BEGIN Data shown

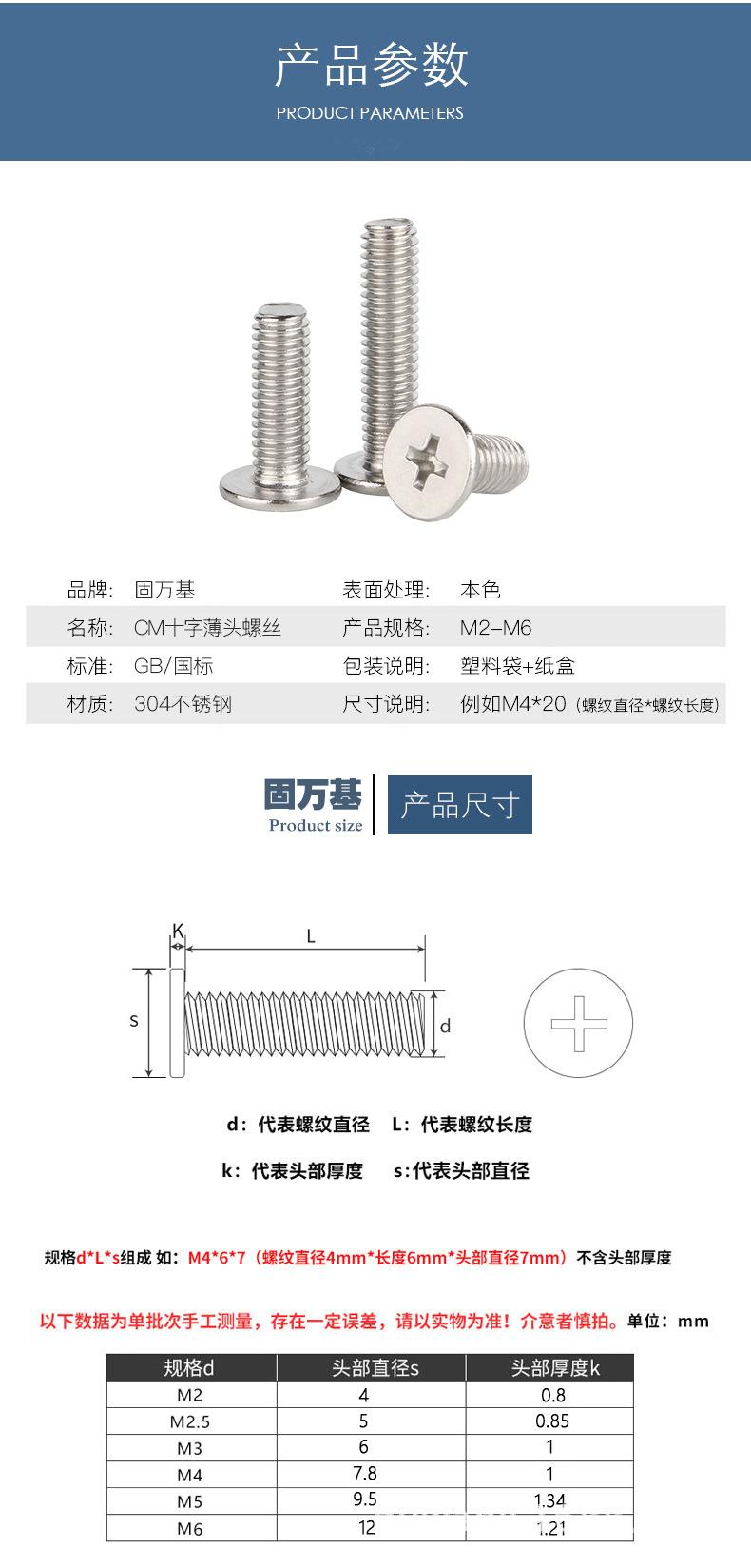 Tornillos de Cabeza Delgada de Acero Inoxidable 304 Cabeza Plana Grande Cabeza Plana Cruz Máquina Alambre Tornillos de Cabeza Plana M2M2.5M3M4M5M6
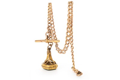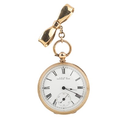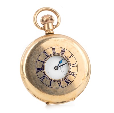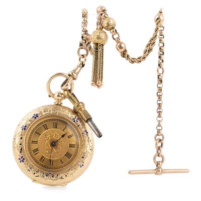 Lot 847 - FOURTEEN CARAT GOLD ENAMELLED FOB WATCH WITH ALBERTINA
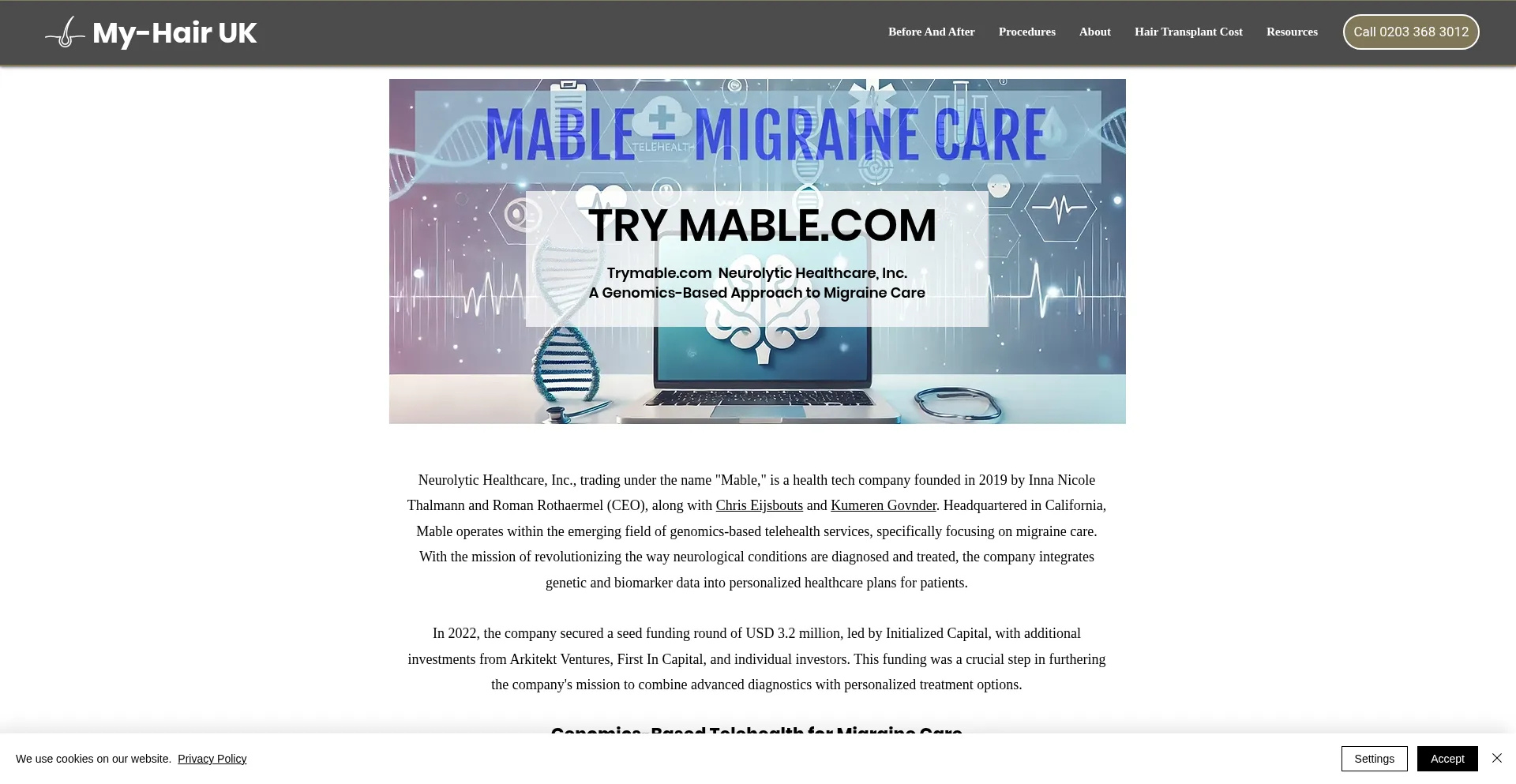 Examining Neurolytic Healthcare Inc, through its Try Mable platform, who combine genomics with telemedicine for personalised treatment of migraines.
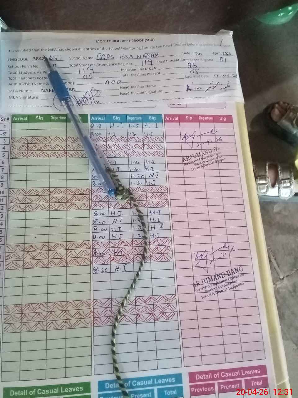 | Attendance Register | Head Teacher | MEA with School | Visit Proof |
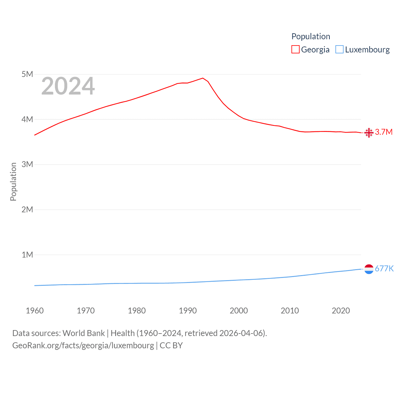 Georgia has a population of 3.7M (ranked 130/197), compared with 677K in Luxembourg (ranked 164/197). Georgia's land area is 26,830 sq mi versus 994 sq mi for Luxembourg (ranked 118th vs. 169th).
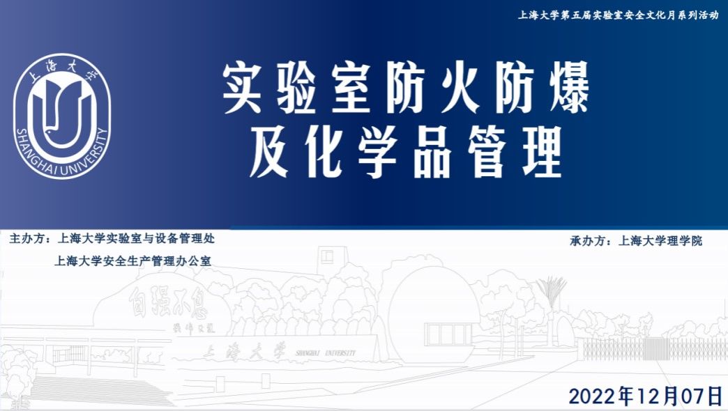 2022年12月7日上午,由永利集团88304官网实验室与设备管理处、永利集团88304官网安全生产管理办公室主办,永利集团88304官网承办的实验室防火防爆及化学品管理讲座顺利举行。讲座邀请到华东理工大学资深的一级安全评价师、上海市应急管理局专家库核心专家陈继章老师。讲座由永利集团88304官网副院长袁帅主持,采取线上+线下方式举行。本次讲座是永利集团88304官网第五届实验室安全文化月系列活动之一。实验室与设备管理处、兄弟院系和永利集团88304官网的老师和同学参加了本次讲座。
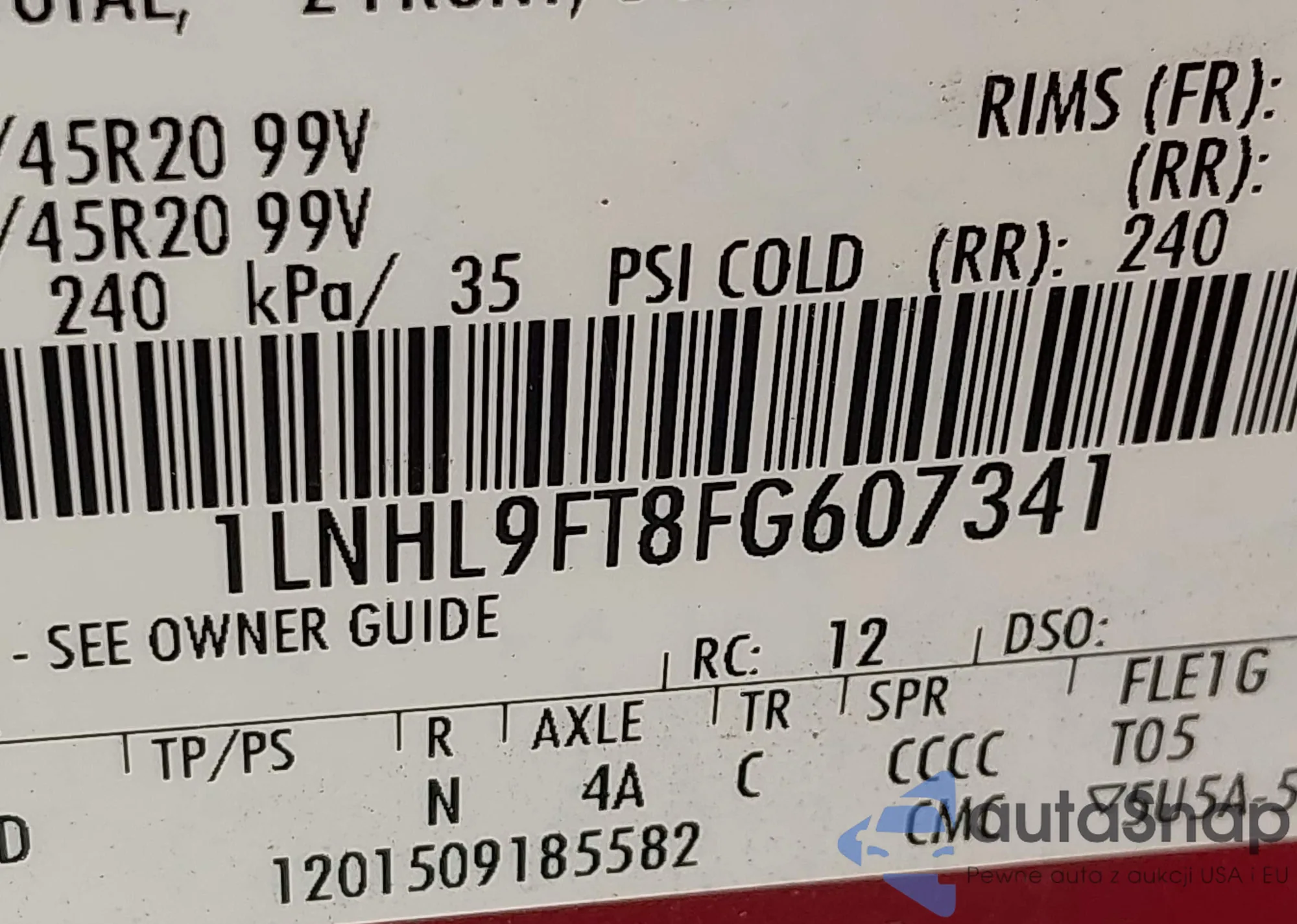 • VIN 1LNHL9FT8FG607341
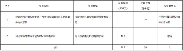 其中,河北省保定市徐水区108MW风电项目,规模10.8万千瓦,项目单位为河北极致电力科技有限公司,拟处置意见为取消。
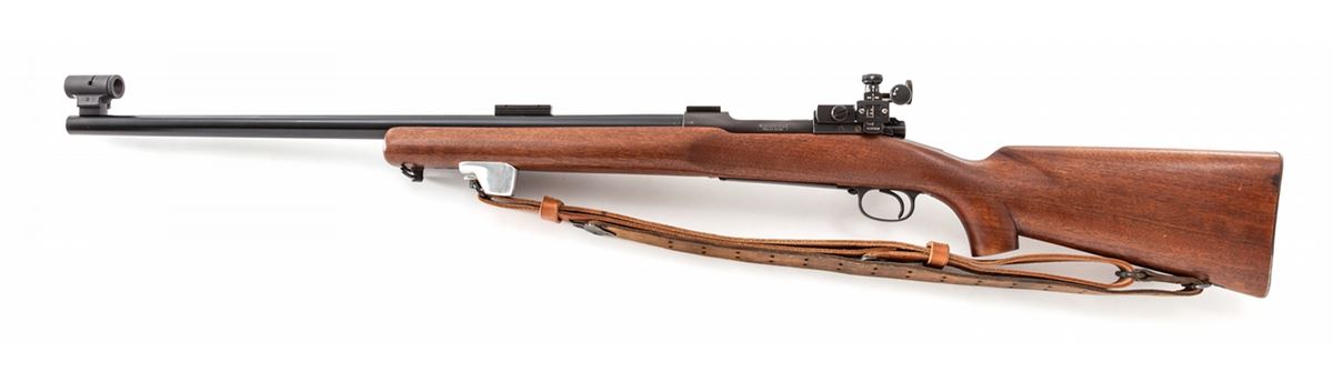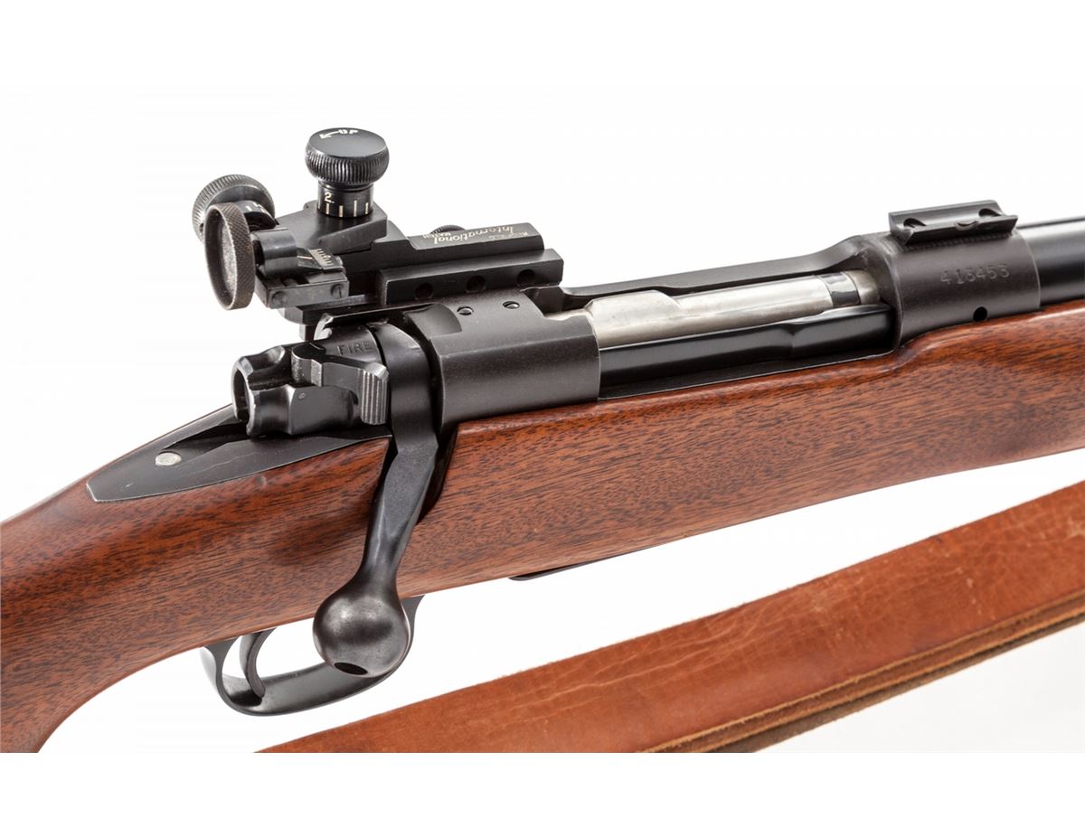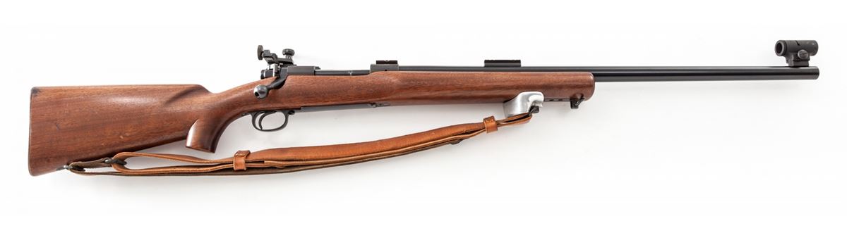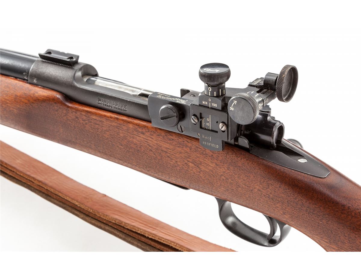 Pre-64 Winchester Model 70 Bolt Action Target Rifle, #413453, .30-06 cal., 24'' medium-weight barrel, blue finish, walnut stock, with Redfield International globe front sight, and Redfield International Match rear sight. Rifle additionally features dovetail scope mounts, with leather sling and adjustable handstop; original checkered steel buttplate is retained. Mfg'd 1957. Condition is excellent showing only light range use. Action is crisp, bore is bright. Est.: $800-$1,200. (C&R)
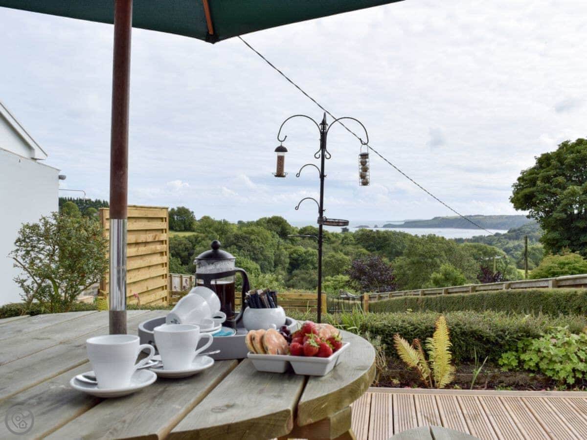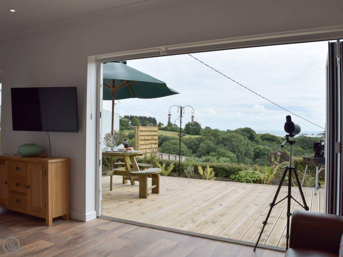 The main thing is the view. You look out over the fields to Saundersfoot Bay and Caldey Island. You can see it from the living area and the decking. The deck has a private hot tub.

END Data shown

**Task objective**
Repeat exactly the lines from the start of the entries down to the line with "Lot 847 - FOURTEEN", keeping both ends but none of the pictures.

**Exercise answer**
 Tornillos de Cabeza Delgada de Acero Inoxidable 304 Cabeza Plana Grande Cabeza Plana Cruz Máquina Alambre Tornillos de Cabeza Plana M2M2.5M3M4M5M6
 Lot 847 - FOURTEEN CARAT GOLD ENAMELLED FOB WATCH WITH ALBERTINA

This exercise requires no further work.